Thanks to the quad-core neural network engine in Apple Watch Series 9, a number of machine learning tasks can be run more efficiently locally on Apple Watch. Siri can perform them on the device side, without an internet connection, so they’re more responsive, and can process and answer questions about a user’s health data locally. For example, in addition to features like weather and timers, you can ask Siri on Apple Watch Series 9 how you slept the day before, what your heart rate was, and more. Apple Watch Series 9 also supports the “two-finger double-tap” gesture, which allows you to use it to perform key actions on the current screen of your Apple Watch, such as answering a call, turning on a timer, and displaying a smart stack. This gesture can be used to perform key actions on the current screen of the Apple Watch, such as answering a call, turning on a timer, displaying Smart Stacks, and more. watchOS 10’s Smart Stacks widget feature also utilizes machine learning to automatically suggest which widget is currently at the top of the stack. Every time you turn the digital crown on the dial, you’ll see the most up-to-date information, such as upcoming meeting schedules, songs currently playing, and more.

Sports and Health: Exercise Detection, Sleep Monitoring

In addition to system-related functions, Apple Watch’s sports and health functions are also inseparable from the participation of intelligent technology. When it comes to sports and health-related functions, Apple often refers to related model training. For example, the sleep stage function of watchOS 9 refers to clinical studies on the sleep stages of different populations and utilizes machine learning on the device side to achieve this. However, it is puzzling that the sleep tracking feature on Apple Watch does not seem to automatically monitor whether the user falls asleep or not, but is turned on by the sleep timer feature, which allows the user to only be informed of the sleep stages during the sleep focus mode; naps, and sleep after the alarm is turned off will not continue to be tracked.

Safety Features

There are also safety features on iPhone and Apple Watch, such as Apple Watch’s fall detection (available on Apple Watch SE, Apple Watch Series 4, or newer, which I triggered the last time I was at the ice rink), which is also based on studying and analyzing the processes involved and forming machine learning models.

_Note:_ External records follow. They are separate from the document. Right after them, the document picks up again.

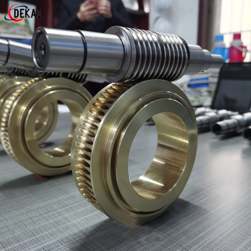 分度精度高,側隙可調整至0.01~0.03Mmm;齒面接觸穩,不會改變中心距。調整標準,方便可靠。裝配靈活,裝配時,用調整環來獲得合適的嚙合側隙。使用中如果因為磨損導致傳動間隙增大,只要調整一下蝸桿的軸向位置,可以使蝸桿蝸輪傳動副恢復到原來的精度,不需要更換新的蝸桿,蝸輪,比較實用。蝸桿材質采用40Cr,42CrMo、38CrMoAl合金鋼。蝸桿采用錫青銅ZCuSn10Pb1離心澆鑄,具有高強度耐磨性。
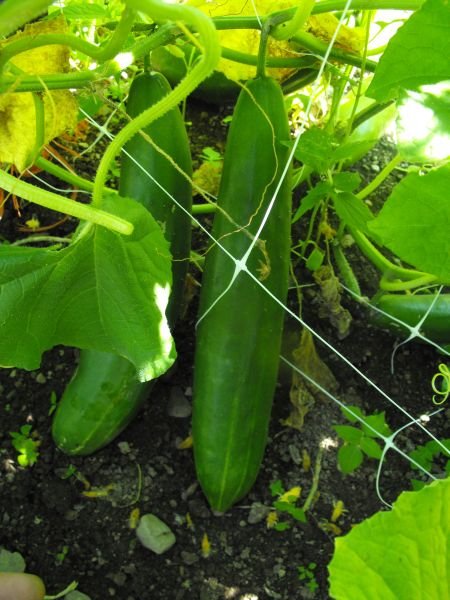 Water: Consistent watering; 1″ of water per week per plant when germinating; increase to a gallon per week once cucumbers start to form; inconsistent watering will create a bitter cucumber; avoid watering foliage in order to prevent leaf disease;
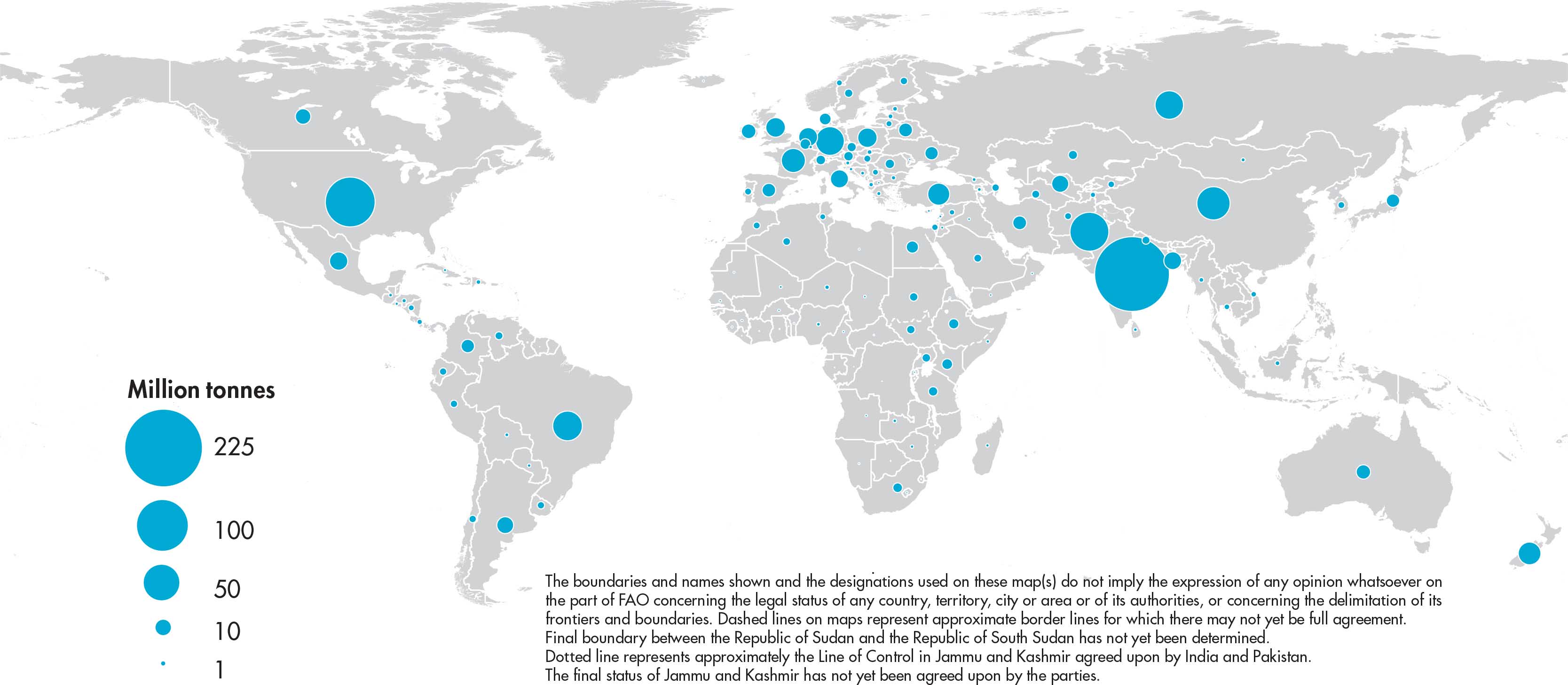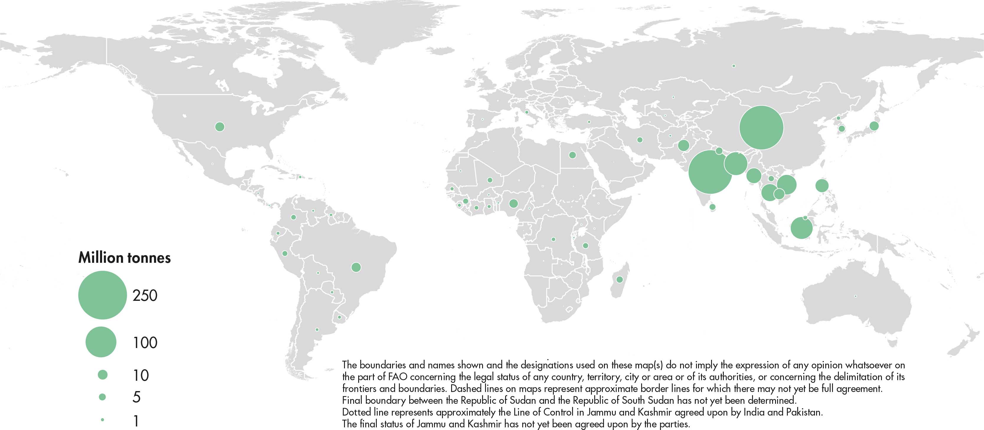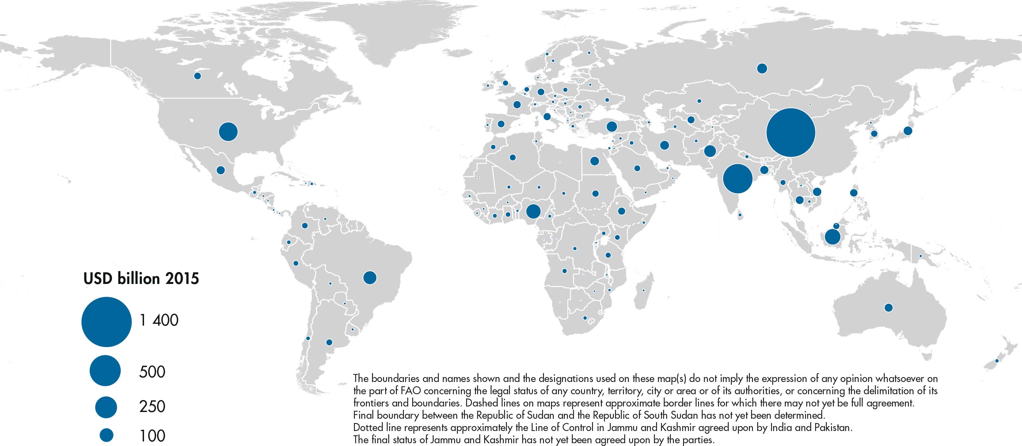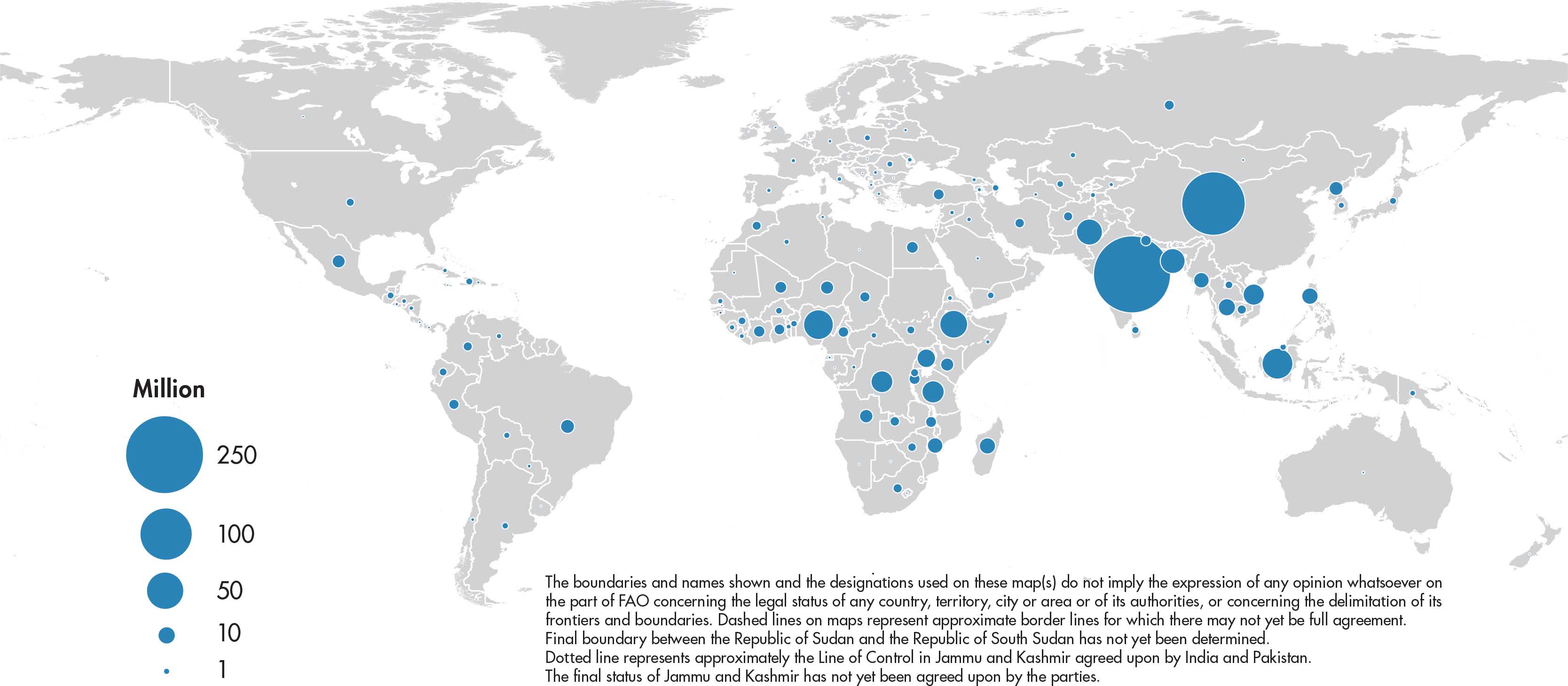 The designations employed and the presentation of material in this information product do not imply the expression of any opinion whatsoever on the part of the Food and Agriculture Organization of the United Nations (FAO) concerning the legal or development status of any country, territory, city or area or of its authorities, or concerning the delimitation of its frontiers or boundaries. Dashed lines on maps represent approximate border lines for which there may not yet be full agreement. The mention of specific companies or products of manufacturers, whether or not these have been patented, does not imply that these have been endorsed or recommended by FAO in preference to others of a similar nature that are not mentioned.

There are also a number of assistive features on Apple devices that help people with certain perceptual or functional impairments make better use of modern technology, such as the familiar magnifying glass, VoiceOver screen reader, and AirPods hearing aids. Some of these accessibility features also involve Apple devices’ neural network engines and device-side intelligence, such as creating a personal voice, voice recognition, and more.

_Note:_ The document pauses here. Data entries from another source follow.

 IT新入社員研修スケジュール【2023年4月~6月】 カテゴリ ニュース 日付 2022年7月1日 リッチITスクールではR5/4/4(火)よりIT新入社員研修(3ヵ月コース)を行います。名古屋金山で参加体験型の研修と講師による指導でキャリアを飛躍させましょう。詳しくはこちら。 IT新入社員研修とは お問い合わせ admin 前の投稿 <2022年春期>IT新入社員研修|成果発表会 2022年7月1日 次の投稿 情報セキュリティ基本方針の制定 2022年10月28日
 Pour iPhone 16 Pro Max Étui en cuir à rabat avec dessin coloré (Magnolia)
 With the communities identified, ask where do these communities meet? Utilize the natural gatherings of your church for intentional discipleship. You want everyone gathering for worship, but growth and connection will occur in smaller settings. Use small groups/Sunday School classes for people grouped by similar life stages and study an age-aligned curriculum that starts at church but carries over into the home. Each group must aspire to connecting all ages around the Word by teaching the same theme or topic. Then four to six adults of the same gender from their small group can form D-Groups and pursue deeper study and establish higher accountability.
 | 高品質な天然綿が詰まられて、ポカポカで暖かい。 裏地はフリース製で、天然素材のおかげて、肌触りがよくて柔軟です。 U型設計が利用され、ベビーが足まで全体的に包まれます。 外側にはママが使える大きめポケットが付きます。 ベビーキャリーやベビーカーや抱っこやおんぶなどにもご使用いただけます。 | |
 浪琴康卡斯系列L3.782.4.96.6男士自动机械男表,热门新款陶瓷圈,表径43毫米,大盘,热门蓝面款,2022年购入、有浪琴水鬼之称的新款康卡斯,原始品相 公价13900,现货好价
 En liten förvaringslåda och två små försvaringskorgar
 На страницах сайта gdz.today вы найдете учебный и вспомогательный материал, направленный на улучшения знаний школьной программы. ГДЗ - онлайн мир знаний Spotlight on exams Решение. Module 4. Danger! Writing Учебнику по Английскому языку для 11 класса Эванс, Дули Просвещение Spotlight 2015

Personal Voice is an accessibility feature that analyzes 150 recordings of user phrases to create a synthesized voice on the device side of iPhone or iPad that fits the individual’s voice. Users can have the system read aloud in simulated voices during FaceTime calls, phone calls, augmentative communication apps, and face-to-face conversations, currently in English.

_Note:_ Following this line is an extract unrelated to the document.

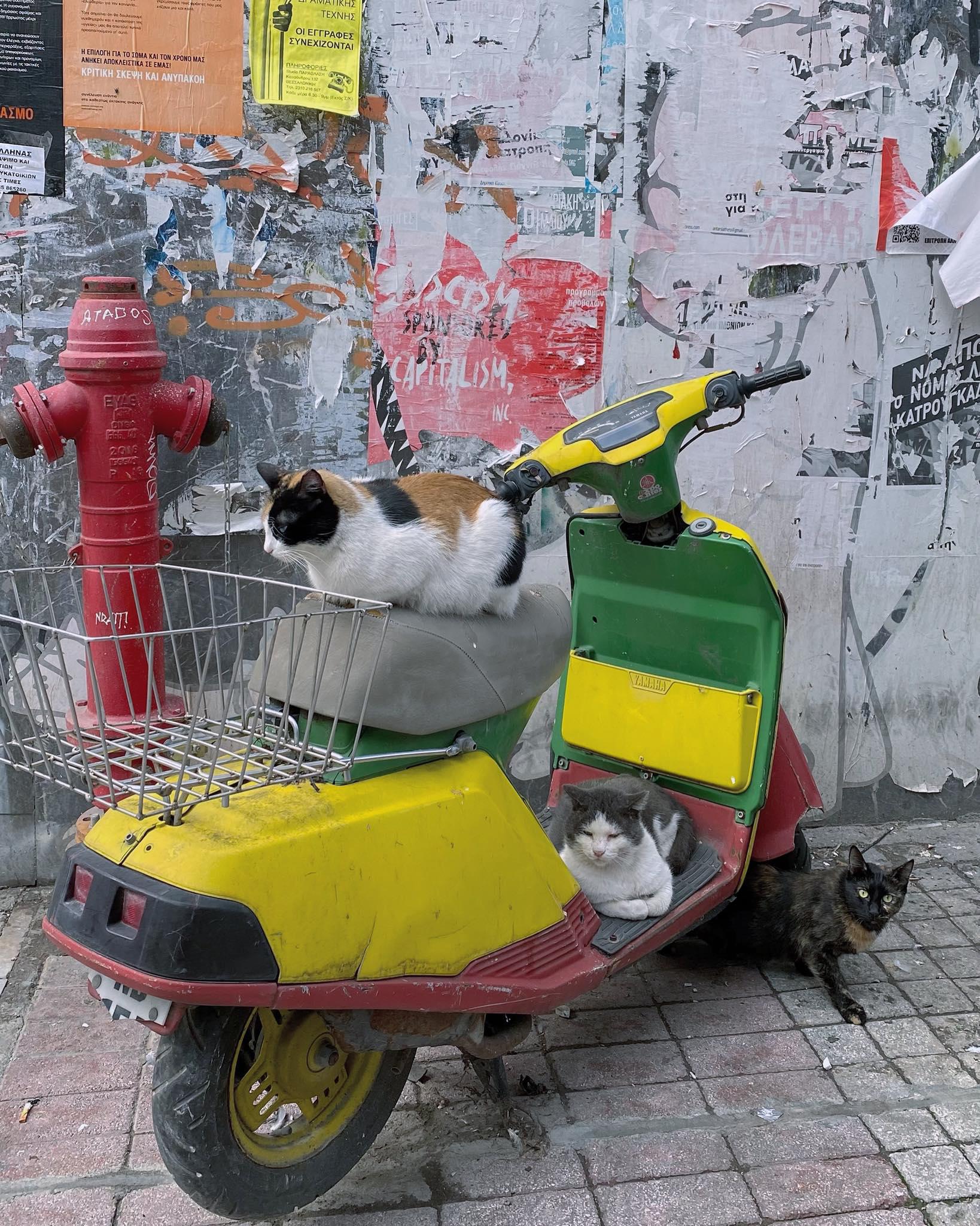 Την ξέχασε μία μέρα κάποιος στην Παπαμάρκου, βαμμένη στα χρώματα της Τζαμαϊκάς, χωρίς πινακίδες, με φουσκωμένα τα λάστιχα. Στέκεται κάθε μέρα εκεί, έχει ζήσει πολλά, έχει δει πολλές πόλεις, έχουν ανέβει πάνω της δυο σώματα ερωτευμένα και αγκαλιασμένα, έχει κουβαλήσει τα λαχανικά από την λαϊκή του Σαββάτου και εκείνα έχουν ποτίσει με αρώματα το καλάθι της. Ήταν σημαντική για εκείνον που την άφησε, της υποσχέθηκε πως θα ξαναγυρίσει, μα τώρα βρήκε αλλού την συντροφιά. Οι αδέσποτες γάτες της γειτονιάς την έχουν μετατρέψει σε διώροφη κατοικία κι έτσι η παρατημένη βέσπα άλλαξε όρους χρήσης, περιμένοντας.

SoundAnalysis, a framework introduced at WWDC, has built-in categorization data for more than 300 sound categories that developers can call directly into their apps, and the system will recognize the sound through the microphone. In iOS, based on this framework, Apple has added sound recognition to the Accessibility feature, which recognizes sounds in the environment, such as doorbells, sirens, and cat and dog barks, and learns specific categories of sound – which is helpful for the hearing impaired. Rumors have been swirling lately about Apple’s possible collaboration with OpenAI and others, WWDC’s focus on improving the AI capabilities of Apple’s platforms, and more. I’ve also been thinking about where Apple is going with this generative AI trend.

From this article, we see that Apple has a deep foundation in machine learning research and applications. However, now that the larger LLM models seem to be so complex that it is impossible to process them directly on the device, will it still be able to stick to its values of “device-side intelligence”? And how will it bring more powerful AI tools to its software platform? Perhaps we’ll have to wait until WWDC 2024 on June 10th to find out.